Even more interesting is the description provided by Olga Bozh’eva of an encounter at Ladoga-2009 between General Boldyrev, the head of Russia’s surface troops, and the head engineer of Izhmash — Unpiloted Systems. Looking over the engineer’s shoulder as the latter received information from a UAV on a computer, Boldyrev asked for the coordinates of a group of people visible on the screen. The response: “The program does not allow for the analysis of information while [the UAV] is in flight. Once it lands…” In other words, the latest in Russian UAV technology still does not allow for the instant transmission of targeting information to commanders on the ground — a tactic whose effectiveness was demonstrated by US forces in Afghanistan back in 2001. (Moskovskii Komsomolets, 10/9/2009)
Despite the stated focus on network-centric warfare, UAVs were not integrated into the exercise in either an intelligence or targeting capacity. In other words, they were just there for show. The newest mobile C2 systems, such as the KShM-149MA, which provides real-time information for commanders and allows for tactical control of troops and weaponry, also seem to have not been used in either Zapad-2009 or Ladoga-2009, though one was shown to President Medvedev in Kaliningrad. At the Kavkaz-2009 exercises last summer, brigade level control systems supposedly broke down.

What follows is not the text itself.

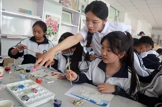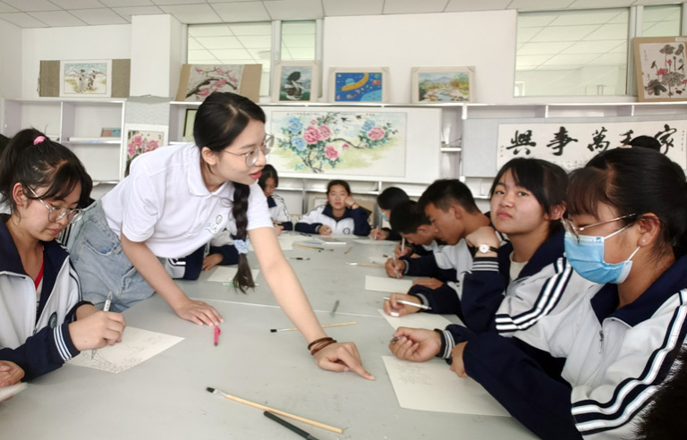 2023年7月5日,博业体育(China)官方网站暑期社会实践志愿者走进青海省海南州贵德高级中学,指导学生创作具有青海特色的文创画,让学生发挥想象,挖掘家乡特色的文化元素进行创作,做“家乡代言人”,助力家乡传统文化的发展与传承。通讯员 夏雨 汤钰璇 全媒体记者 王呈 摄影报道

The fact that all of these problems were described openly in the Russian press, and that President Medvedev has responded by publicly chastising the Russian defense industry as a whole, is a sign that the issues that have prevented the revival of that industry (despite an increase in orders in recent years) have finally come to the forefront. It is possible that Medvedev’s criticism is a signal and the next year will be devoted to reforming the Russian defense industry, much like the past year has been devoted to reforming the structure of the military. This may turn out to be a harder task, as private and semi-private companies will undoubtedly prove less willing to follow orders and even a revitalized industry will find it difficult to find the expertise to build new high-tech weapons as quickly as it may be desired by top leaders.